Metastatic tumors present the most difficult challenge for all therapeutic approaches because of their extensive infiltration and broadcasting of the invasive tumor cells, particularly into the nervous system where they may occupy multiple locations. An eradication of more than 90% of some tumor masses may be accomplished by surgery and subsequent radiotherapy, but relapse invariably follows within months if infiltrating and metastatic cells have not been eliminated.
A number of approaches has been suggested to target and destroy the metastatic cells. One possible method is by cell-mediated vector delivery using retrovirus packaging cells to distribute retroviral vectors on site within brain tumors [Short et al., J. Neurosci. Res. 27, 427-439, 1990; Culver et al., Science 256, 1550-52, 1992; for review, see Kramm et al., Brain Pathol. 5, 345-381, 1995]. However, in most studies these packaging cells are derived from fibroblasts that do not migrate in the brain. In addition to fibroblasts, glioma cells [Tamura et al., Hum Gene Ther 8, 381-9, 1997] and endothelial cells [Lal et al., Proc Natl Acad Sci USA 91, 9695-9, 1994; Ojeifo et al., Cancer Res 55, 2240-44, 1995] have been used as vehicles to migrate throughout a tumor. A major disadvantage of using glioma cell as vehicles is that they themselves are tumorigenic and hence could contribute to the tumor burden. Endothelial cells can migrate within a glioma and are non-tumorigenic, but they have not been observed to move beyond the main tumor mass to target metastatic tumor cells or to “home in” on tumors from a distant source [Ojeifo et al., Cancer Res 55, 2240-44, 1995; Lal et al., Proc Natl Acad Sci USA 91].

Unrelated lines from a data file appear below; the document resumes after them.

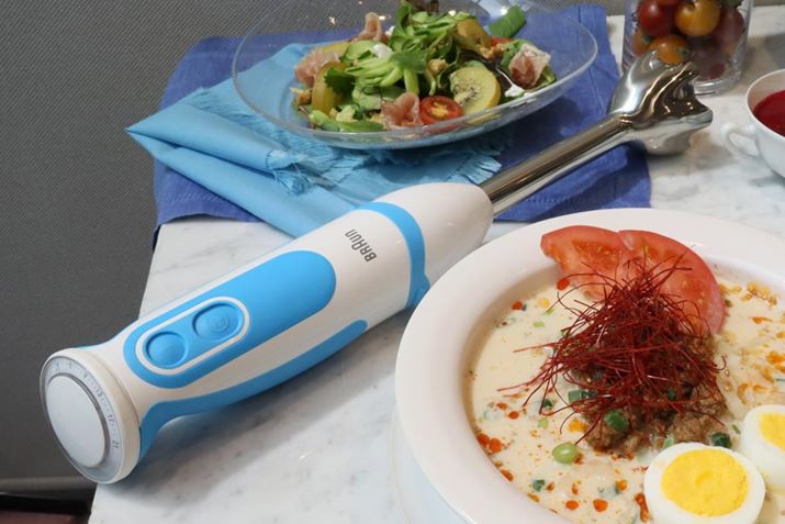 白と青のツートンカラーがかわいい「ブラウン マルチクイック 5 ヴァリオ フィット ハンドブレンダー」。おそらくオッサンが持ってもかわいい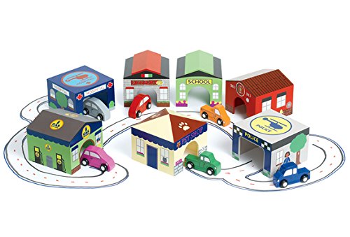 -. Feature : Set includes fire station, hospital, school, police station, pet shop, gas station and pizzeria / Entrances and exits that cars can drive through / Adds a realistic touch to your block cities and towns / Blends role-play with block play / Compatible with our vehicles: trucks (#TRUCKS) and cars (#CARS2) sold separately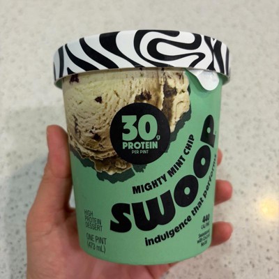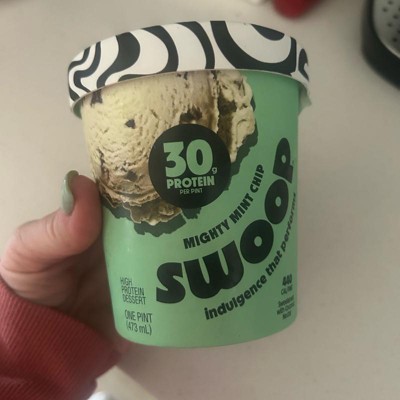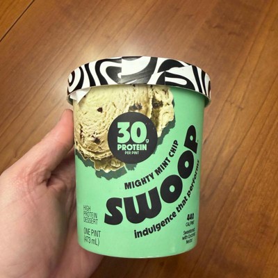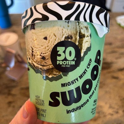 I bought this one and the protein pints mint chip to compare the two. I prefer the protein pints. This swoop is falling short on mint flavor and also has a very gross aftertaste every bite. I had to push through to finish it. Not as creamy but still pretty good.

The requirement for cells to have high migratory potential within the tumor and toward metastases without tumor formation is ideally fulfilled by neural stem cells (NSCs). NSCs are immature, uncommitted cells that give rise to the array of more specialized cells of the nervous system. They are defined by their ability to self-renew, to differentiate into cells of most (if not all) neuronal and glial lineages, and to populate developing and/or degenerating central nervous system (CNS) regions in multiple anatomical and developmental contexts. Clones of NSCs have been propagated in culture and reimplanted into mammalian brain where they have been shown to reintegrate appropriately and stably express foreign genes. One of the earliest uses of the NSCs as a therapeutic tool was delivering a missing gene product β-glucuronidase throughout the brain of a newborn mouse to correct a model of lysosomal storage disease mucopolysaccharidosis type VII [Snyder et al., Nature, March 1995]. In preliminary studies, NSCs have also been observed to migrate toward damaged brain regions and continue to express exogenous genes [Snyder and Macklis, Clin Neurosci 3, 310-16, 1996].
Most early studies of NSC biology were performed with rodent NSCs, but increasing attention has been focused on human NSCs due to their obvious clinical potential [Black and Loeffler (eds). CANCER OF THE NERVOUS SYSTEM. Blackwell Scientific Inc, Boston, 1996, pp 349-61, Flat et al., Nature Biotech. 11, 1998; Brustle O. et al., Nature Biotech. 11, 1040-49, 1998]. Several human cell lines of neural and stem cells have consequently been isolated from the human fetal telencephalon, propagated in culture, transfected with the lacZ reporter gene and cloned. Human NSCs have been demonstrated to migrate throughout the whole brain, differentiate into neurons and glia, and integrate into the neural architecture and express reporter genes after transplantation into rodent brains [Flat et al., Nature Biotech. 11, 1998].
It would be desirable to have a safe, efficient and convenient system for delivering therapeutic agents to intracerebral tumors, cerebral metastases from an extracerebral tumor, or other extracerebral tumors that metastasize to other organs.